# [MATERIAL SHOWN]

• • •

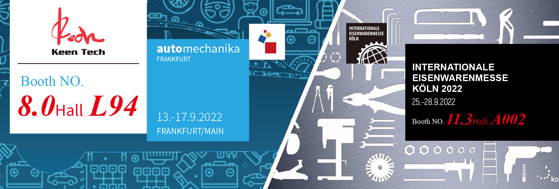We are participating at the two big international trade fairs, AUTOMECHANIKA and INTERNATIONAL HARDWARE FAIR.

• • •

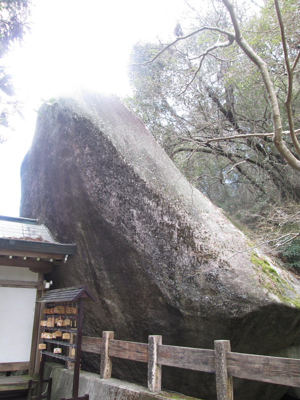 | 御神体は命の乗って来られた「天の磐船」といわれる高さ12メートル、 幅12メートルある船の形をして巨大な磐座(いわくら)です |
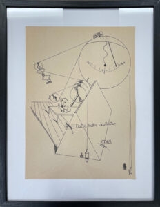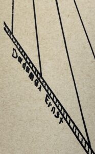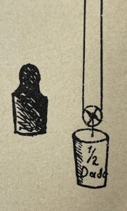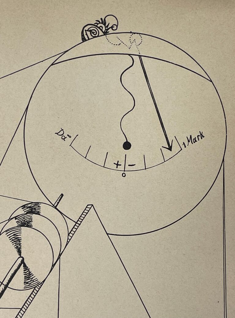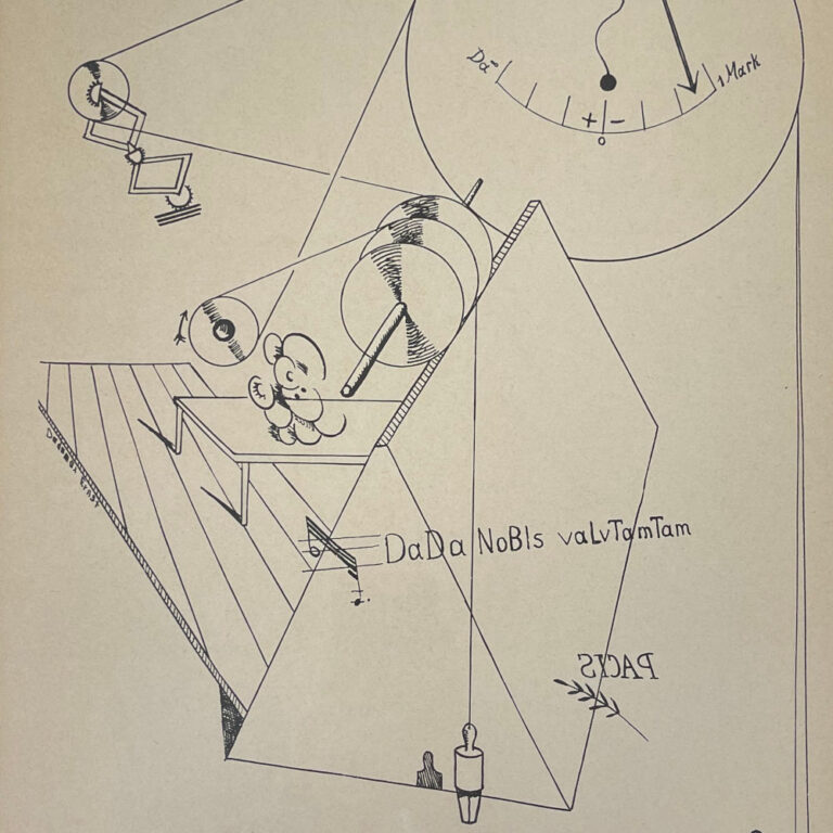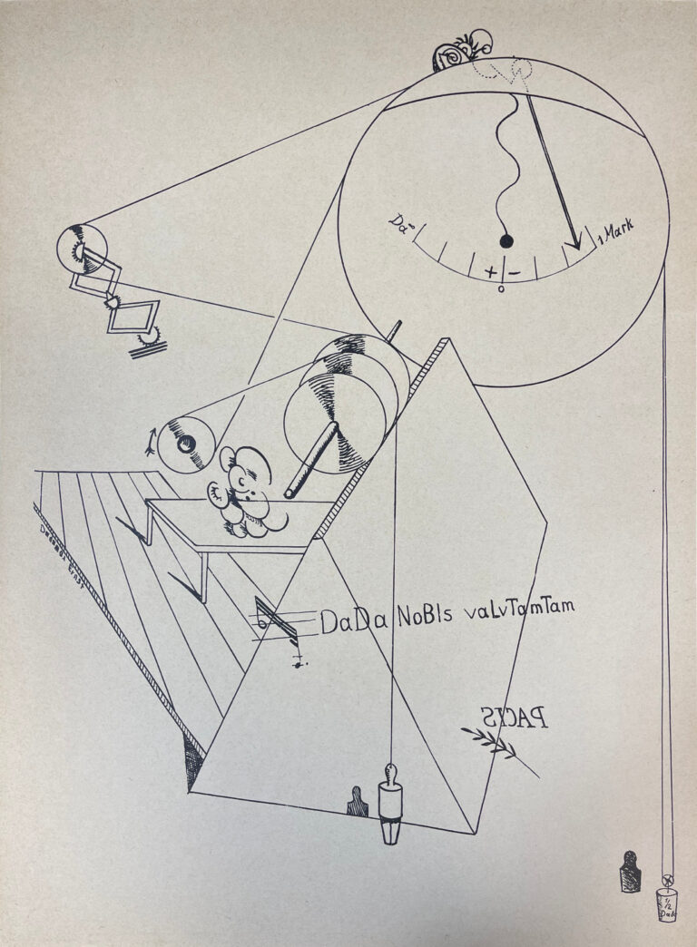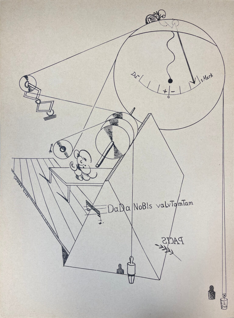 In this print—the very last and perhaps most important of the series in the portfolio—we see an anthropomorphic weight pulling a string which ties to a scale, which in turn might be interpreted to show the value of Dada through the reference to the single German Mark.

• • •

# [DIRECTIONS]
Leaving out the pictures, please output the lines in the entries above from the one with "御神体は命の乗って来られた「天の磐船」といわれる高さ12メートル、 幅12メートルある船の形をして巨大な磐座(いわくら)です |" through the one with "In this print—the", exactly as they are.

# [EXERCISE RESULT]
 | 御神体は命の乗って来られた「天の磐船」といわれる高さ12メートル、 幅12メートルある船の形をして巨大な磐座(いわくら)です |
 In this print—the very last and perhaps most important of the series in the portfolio—we see an anthropomorphic weight pulling a string which ties to a scale, which in turn might be interpreted to show the value of Dada through the reference to the single German Mark.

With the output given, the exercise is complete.